Bowling Green: BGSU veteran downplays achievement

2/22/2006
BY JULIE NJAIM
BLADE STAFF WRITER

BOWLING GREEN - Directing 100 plays might sound like a major milestone to some but not to F. Scott Regan, who's spent much of his life centered on the stage.

"This is not an unheard-of feat or anything. We just thought it was a good chance for a celebration," Mr. Regan said. "It's a nice opportunity for people to celebrate and for past participants to come and enjoy the show and celebrate."

After tomorrow night's 7:30 p.m. performance of All I Really Needed to Know I Learned in Kindergarten presented by Horizon Youth Theatre at St. Thomas Moore Parish, a reception-celebration while be held at the church.

With this show under his belt, Mr. Regan, a professor of theater and film at Bowling Green State University, easily makes the mark of 100 - if not more - shows he's directed over more than three decades.

"I directed my first play in New York when I was still a college student" at Albany State now known as the University at Albany.

While doing his undergraduate work, he began directing summer youth theater.

As a graduate student at the University of Northern Iowa, he also directed community theater and university theater productions.

For the past 24 years, Mr. Regan has worked at BGSU, and in 1998 he co-founded Horizon after recruiting young actors to perform in a university production of A Christmas Carol.

"We had a really good time [working with the kids, and when we finished we said, 'What are we going to do next?' " He and his colleague at that time, Jo Beth Gonzalez, formed the community youth theater group.

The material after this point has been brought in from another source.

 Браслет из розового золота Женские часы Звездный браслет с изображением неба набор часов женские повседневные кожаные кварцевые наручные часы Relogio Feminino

Open to all area youths, the group is an outreach program of the BGSU department of theater and is supported by Bowling Green Community Foundation and Bowling Green Parks Foundation, Mr. Regan said.

The drama club presents two to three plays a year, some dealing with heavy issues. "I've always found children's audiences to be just as interested in issues as adult. ... We've done plays that have dealt with death, divorce, with prejudice, so we've never approached it as a simple-minded project," Mr. Regan said.

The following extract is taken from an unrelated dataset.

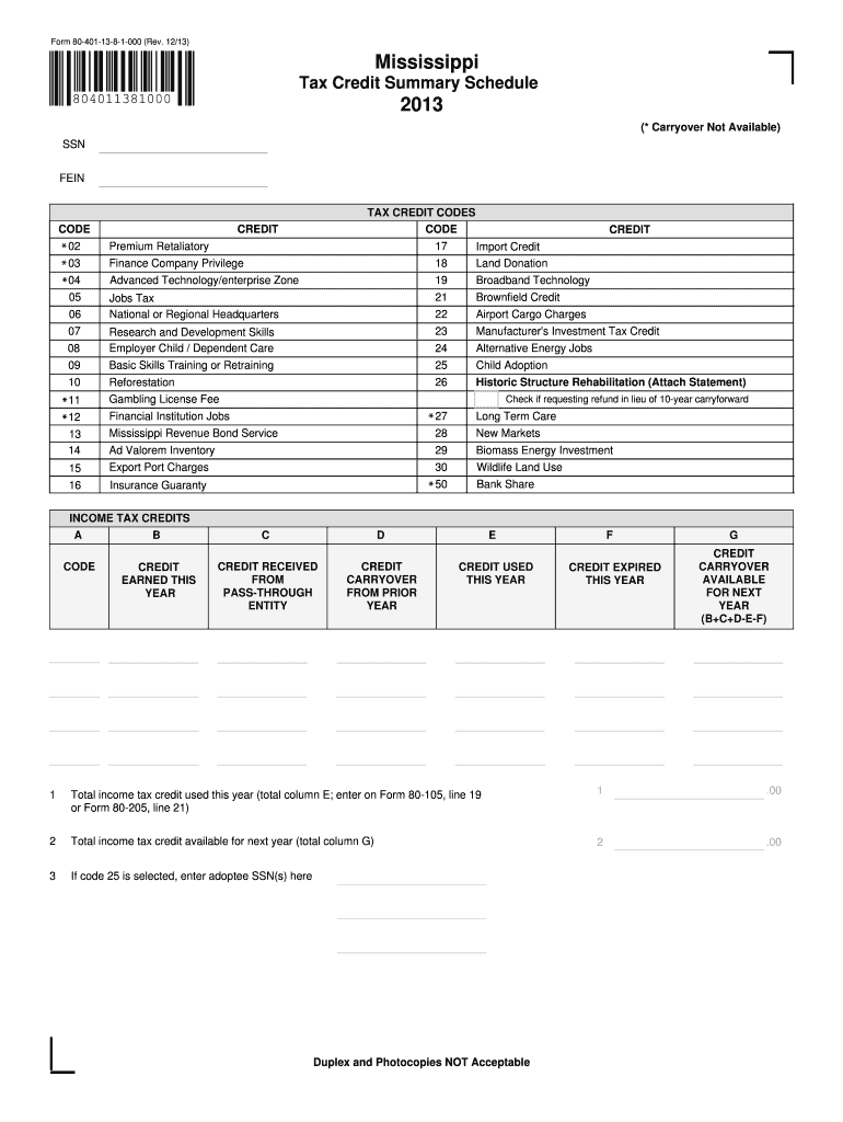 Reset Form 804011381000 (Rev. 12/13) Print Form Mississippi Tax Credit Summary Schedule 804011381000 2013 (* Carryover Not Available) SSN VEIN CODE TAX CREDIT CODES CODE CREDIT 02 Premium Retaliatory

During his career he has found that working with young actors is in many ways more similar than different from working with more-seasoned adults.

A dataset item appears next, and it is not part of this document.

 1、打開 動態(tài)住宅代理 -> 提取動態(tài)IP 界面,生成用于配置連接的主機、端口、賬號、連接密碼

"I think the directing is the same. It's just you have a more abbreviated form of working. The attention span is shorter, the vocabulary the audience is familiar with is shorter," the director said.

At BGSU, Mr. Regan's main area of research and publication is child drama.

He directs a college traveling troupe that reaches about 10,000 children each year, performing in area schools.

In his tenure, he's taught courses on directing, play script analysis, graduate courses in theater for young audiences, and introduction to theater.

Having directed so many plays - including originals he's penned himself - one would think it is difficult for Mr. Regan to choose his favorite production.

Not so.

"Right now, this is my favorite," he said, referring to Horizon's upcoming show. "It might sound like a cliche, but I have fond memories of all of them except one or two. ... You really fall in love with each one of them when you're working on it."

All I Really Needed to Know I Learned in Kindergarten also will be performed Saturday at 7:30 p.m. at St. Thomas Moore Parish on Thurstin Street.

Tickets cost $8 for adults and $6 for students and seniors and are available at the door.